• [DATASET EXCERPT]
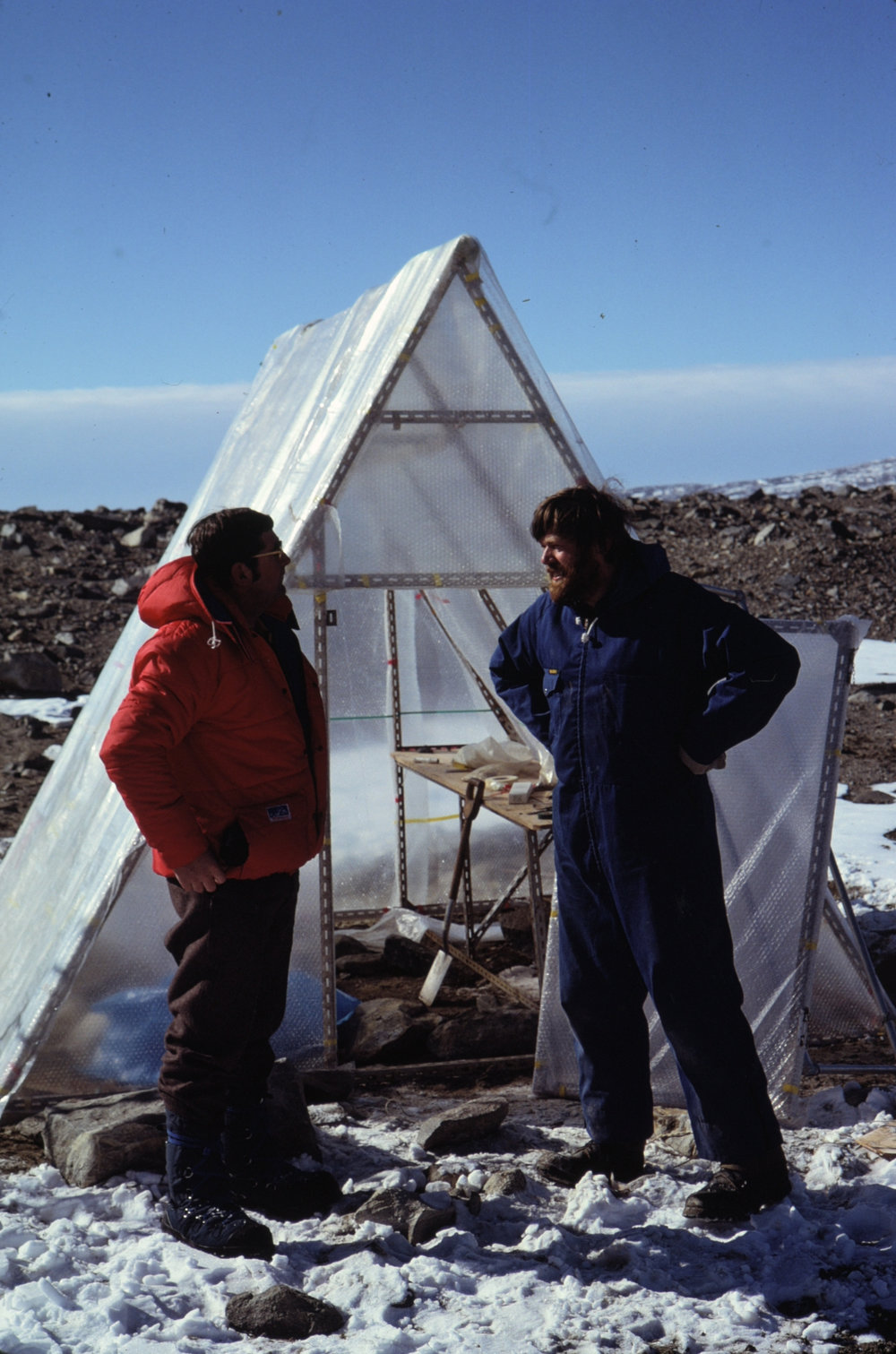 Barry Brill, Parliamentary Under-Secretary to the Minister of Energy, Science and Technology, outside the greenhouse at Lake Fryxell with Allan Green. Antarctica NZ, accessed 02/04/2026, https://adam.antarcticanz.govt.nz/nodes/view/24149
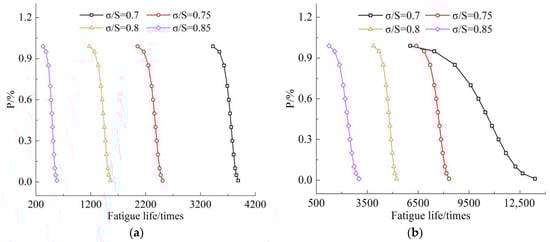 Fatigue life fitting curve with different reliability indices: (a) 50% reliability; (b) 95% reliability.
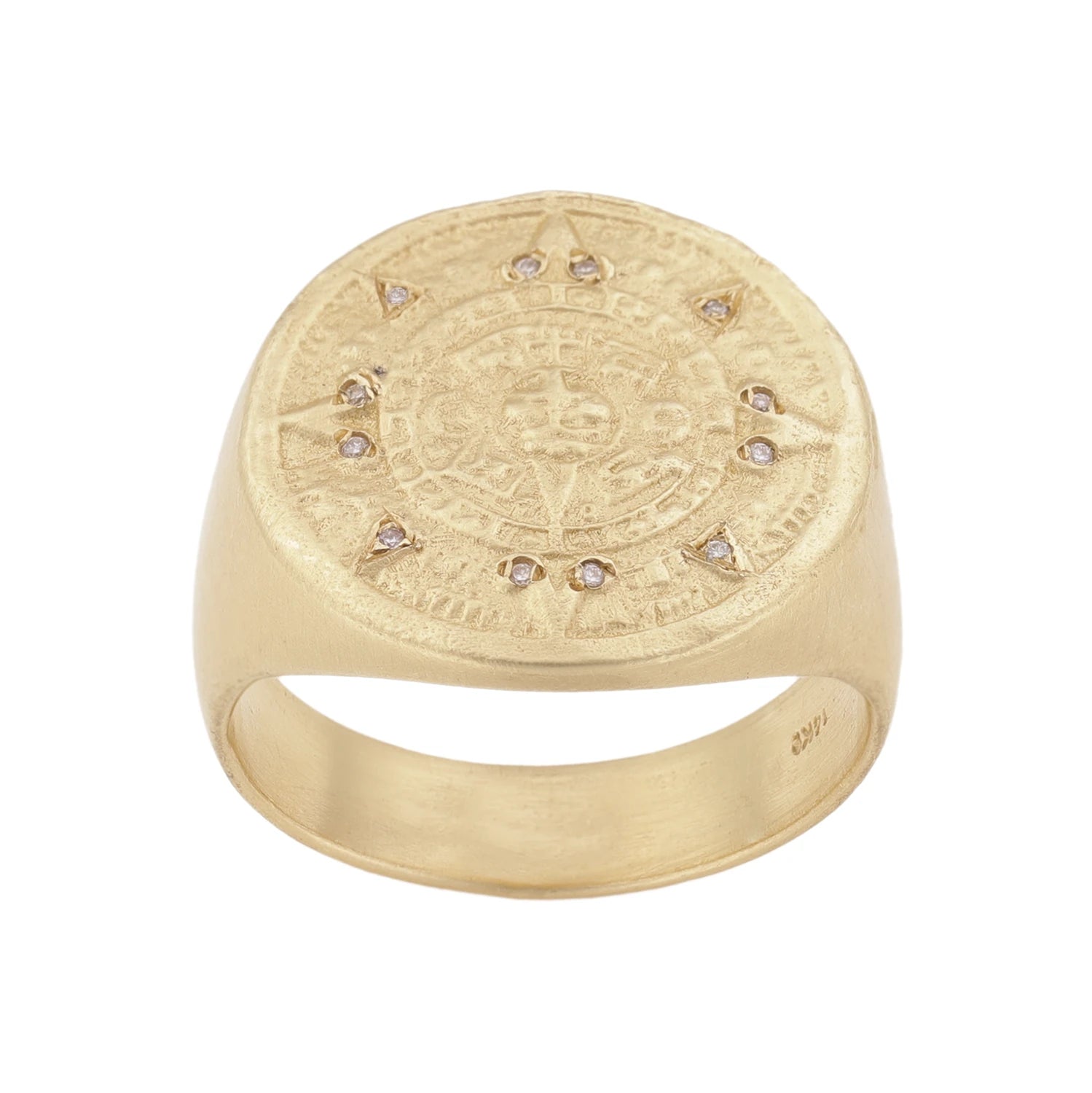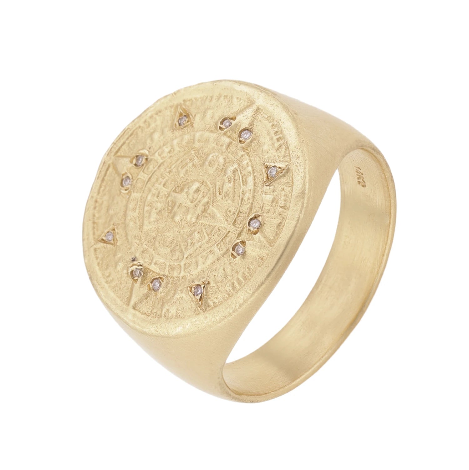 טבעת חותם מקסיקנית מזהב משובצת 12 יהלומים לבנים
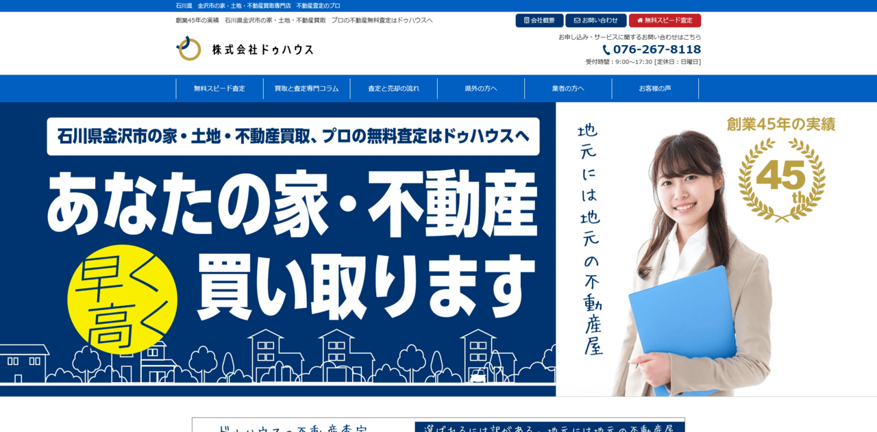 株式会社ドゥハウスは金沢市内を中心に不動産の売買・買取を手掛ける地域密着型企業で、迅速で丁寧な対応が評判です。買取に関しては仲介手数料不要でスムーズな現金化をサポートし、相続物件や空き家、農地など難易度の高い物件にも柔軟に対応可能です。多数の買取実績を基に、売主の希望と状況に合わせた提案力に定評があります。地域に根付くネットワークと多様な広告戦略により、買手を早期に見つける強みも持っています。

• [EXERCISE BRIEF]
Set down the data above word for word, leaving every picture out.

• [SOLUTION TO THE PROBLEM]
 Barry Brill, Parliamentary Under-Secretary to the Minister of Energy, Science and Technology, outside the greenhouse at Lake Fryxell with Allan Green. Antarctica NZ, accessed 02/04/2026, https://adam.antarcticanz.govt.nz/nodes/view/24149
 Fatigue life fitting curve with different reliability indices: (a) 50% reliability; (b) 95% reliability.
 טבעת חותם מקסיקנית מזהב משובצת 12 יהלומים לבנים
 株式会社ドゥハウスは金沢市内を中心に不動産の売買・買取を手掛ける地域密着型企業で、迅速で丁寧な対応が評判です。買取に関しては仲介手数料不要でスムーズな現金化をサポートし、相続物件や空き家、農地など難易度の高い物件にも柔軟に対応可能です。多数の買取実績を基に、売主の希望と状況に合わせた提案力に定評があります。地域に根付くネットワークと多様な広告戦略により、買手を早期に見つける強みも持っています。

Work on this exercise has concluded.